Monday, Oct. 07, 1996

MILESTONES

BORN. To MELANIE GRIFFITH, 39, and ANTONIO BANDERAS, 36; a daughter, Stella del Carmen; in Spain. She is Banderas' first child and Griffith's third.

RELEASED. BARRY GOLDWATER, 87, conservative icon and former Arizona Senator; from a Phoenix hospital following treatment for a minor stroke.

RULED INCOMPETENT. JOHN E. DU PONT, 57, eccentric millionaire and chemical heir; to stand trial in the slaying of Olympic wrestler David Shultz; in Media, Pennsylvania.

ARRESTED. ROBERT KIM, 56, civilian Navy computer analyst; on charges of passing classified documents on North Korea and U.S. policy to a South Korean attache; in Alexandria, Virginia. Kim, a South Korean native, became a U.S. citizen in 1974. He faces a maximum 10-year jail sentence if convicted.

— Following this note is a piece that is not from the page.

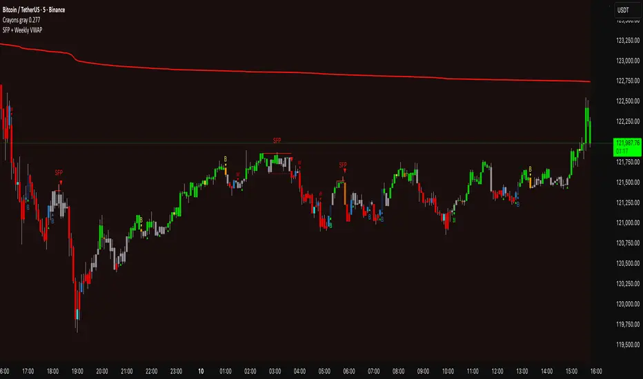 A powerful combination of the Swing Failure Pattern (SFP) detection with Weekly VWAP trend filtering for higher-probability trade setups.
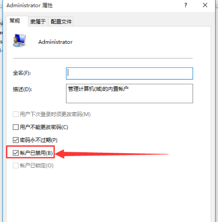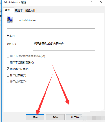 3.把【賬戶已禁用】前的勾取消,然后點(diǎn)擊應(yīng)用和確定就可以獲得管理員權(quán)限了。

AILING. SEYMOUR CRAY, 71, the Thomas Edison of the supercomputer; after suffering a broken neck and severe head injuries in a highway crash; in Colorado Springs, Colorado.

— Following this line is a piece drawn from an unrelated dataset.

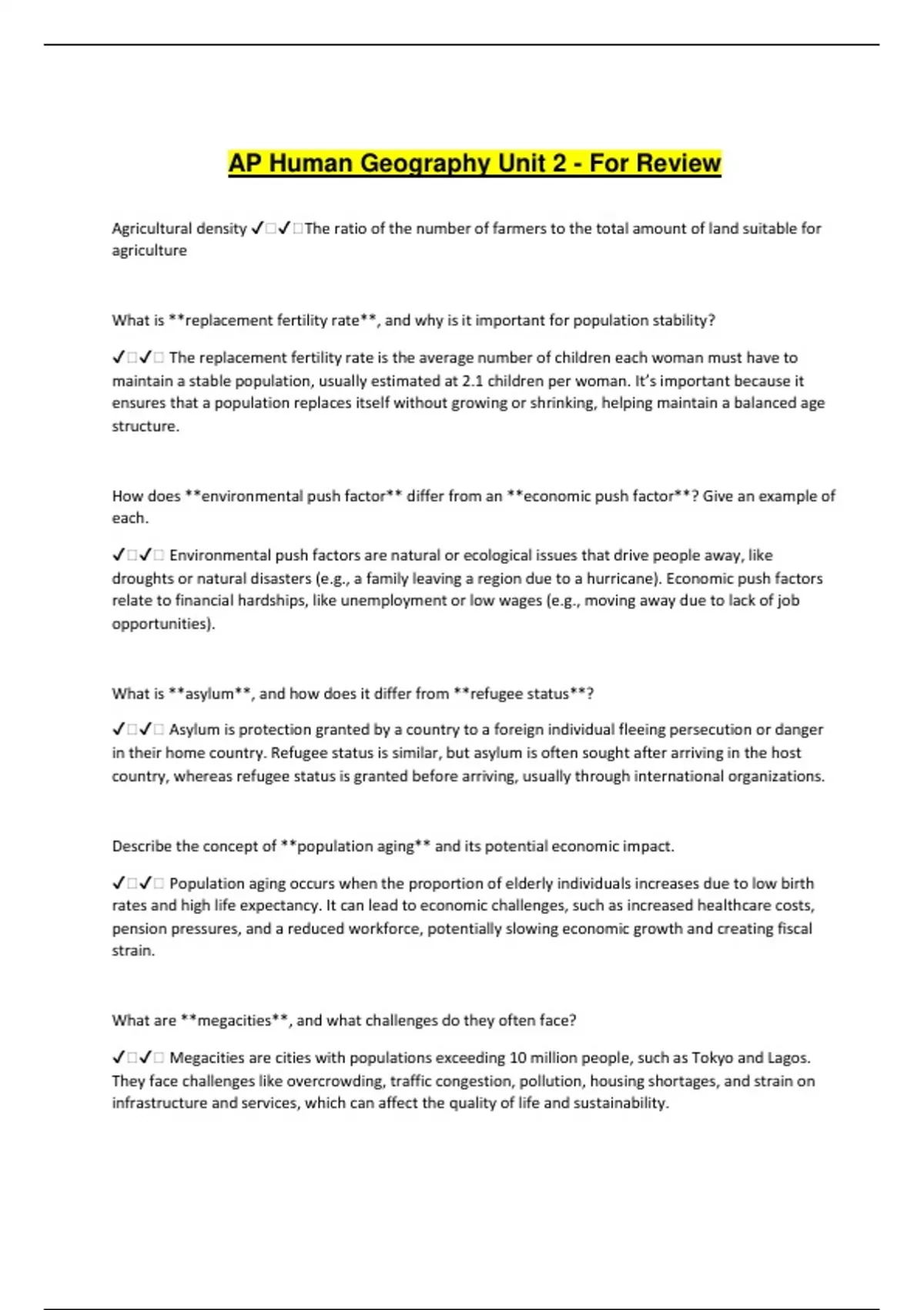 ✔️✔️ Megacities are cities with populations exceeding 10 million people, such as Tokyo and Lagos.

DIED. NICU CEAUSESCU, 45, playboy son of executed Romanian dictator Nicolae Ceausescu; following surgery to stem internal bleeding caused by liver disease; in Vienna.

EXECUTED. NAJIBULLAH, 49, former Soviet-backed President of Afghanistan who had spent more than four years in refuge at a U.N. compound; in Kabul. Najibullah, a ruthless security chief who ruled from 1986 until 1992, was found hanged after the Taliban rebels captured Kabul. Afghanistan will now be ruled by strict Islamic law.

DIED. BOB DENT, 66, cancer patient; by lethal injection at the hand of Dr. Philip Nitschke; in the world's first legal mercy killing; in Darwin, Australia.

DIED. DOROTHY LAMOUR, 81, actress who took to the road--sometimes sporting only her signature sarong--with Bing Crosby and Bob Hope; in Los Angeles. Though she starred in more than 50 movies, Lamour won over audiences--particularly G.I.s during World War II--with the seven road films she made with Crosby and Hope, surviving the jungle, a malevolent aunt and the wisecracking duo at her side who vied relentlessly for her affections.

DIED. PAUL ERDOS, 83, quirky Hungarian-American mathematician with more than 1,500 papers to his name; of a heart attack while living homeless, by choice; in Warsaw.

DIED. PAVEL SUDOPLATOV, 89, Stalin's spymaster who claimed he stole atom-bomb secrets from the U.S. and plotted the death of Leon Trotsky; in Moscow.

DIED. SABINE ZLATIN, 89, Polish-born nurse who risked her life to give dozens of Jewish children refuge at an isolated farmhouse in Izieu, France, during World War II; in Paris.